Here we are going to use the {py:class}`~vocalpy.FeatureExtractor` class. This works like other pipeline classes in VocalPy, where we tell the {py:class}`~vocalpy.FeatureExtractor` what `callback` we want to use, and we explicitly declare a set of parameters `params` to use with the callback function. This design is meant to help us document the methods we use more clearly and concisely.

```{code-cell} ipython3
callback = voc.feature.biosound
params = dict(ftr_groups=("temporal", "spectral"))
extractor = voc.FeatureExtractor(callback, params)
```

We are going to only use channel of the audio to extract features. The function we will use to extract features, {py:func}`vocalpy.feature.biosound`, will work on audio with multiple channels, but for demonstration purposes we just need one.
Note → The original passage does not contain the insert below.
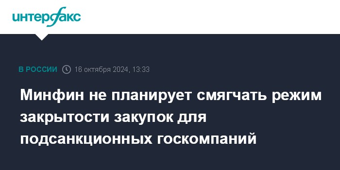 Минфин не планирует смягчать режим закрытости закупок для подсанкционных госкомпаний

To just get the first channel from each sound, we can use indexing (for more detail and examples of how this works, see the API documentation for this class: {py:class}`vocalpy.Sound`).

```{code-cell} ipython3
sounds = []
for wav_path in zblib.sound:
    sounds.append(
        voc.Sound.read(wav_path)[0]  # indexing with `[0]` gives us the first channel
    )
```

Now finally we can pass this list of (single-channel) sounds into the {py:meth}`~vocalpy.FeatureExtractor.extract` method, and get back a list of {py:class}`~vocalpy.Features`, one for every sound.

```{code-cell} ipython3
:tags: [hide-output]
features_list = extractor.extract(sounds, parallelize=True)
```

## Data preparation

Now what we want to get from our extracted features is two NumPy arrays, `X` and `y`.  

These represent the samples $X_i$ in our dataset with their features $x$, and the labels for those samples $y_i$. In this case we have a total of $m=$91 samples (where $i \in 1, 2, ... m$).

We get these arrays as follows (noting there are always multiple ways to do things when you're programming):
- Take the `data` attribute of the {py:class}`~vocalpy.Features` we got back from the {py:class}`~vocalpy.FeatureExtractor` and convert it to a {py:class}`pandas.DataFrame` with one row: the scalar set of features for exactly one sound
- Use {py:mod}`pandas` to concatenate all those {py:class}`~pandas.DataFrame`s, so we end up with 91 rows
- Add a column to this `DataFrame` with the IDs of the birds -- we then have $X$ and $y$ in a single table we could save to a csv file, to do further analysis on later
- We get $X$ by using the `values` attribute of the `DataFrame`, which is a numpy array
- We get $y$ using {py:func}`pandas.factorize`, that converts the unique set of strings in the `"id"` column into integer class labels: i.e., since there are 4 birds, for every row we get a value from $\{0, 1, 2, 3\}$

```{code-cell} ipython3
df = pd.concat(
    [features.data.to_pandas()
    for features in features_list]
)
```

```{code-cell} ipython3
df.head()
```

```{code-cell} ipython3
df["id"] = pd.array(bird_ids, dtype="str")
y, _ = df["id"].factorize()
X = df.values[:, :-1]  # -1 because we don't want 'id' column
```

## Fitting a Random Forest classifier

Finally we will train a classifer from `scikit-learn` to classify these individuals. The original paper uses Linear Discriminant Analysis, but here we fit a random forest classifier, again simply because the random forest models are fast to fit.

```{code-cell} ipython3
import sklearn.model_selection
```

First we split the data into training and test splits using {py:func}`sklearn.model_selection.train_test_split`.

```{code-cell} ipython3
X_train, X_val, y_train, y_val = sklearn.model_selection.train_test_split(
    X, y, stratify=y, train_size=0.8
)
```

```{code-cell} ipython3
from sklearn.ensemble import RandomForestClassifier
```

Finally we can instantiate our model and fit it.

```{code-cell} ipython3
clf = RandomForestClassifier(max_depth=2, random_state=0)
clf.fit(X_train, y_train)
```

And we can evaluate the model's performance on a test set.

```{code-cell} ipython3
print(
    f"Accuracy: {clf.score(X_val, y_val) * 100:0.2f}%"
)
```

Looks pretty good!

Now you have seen a simple example of how to extract acoustic features from your data with VocalPy, and fit a model to them with scikit-learn.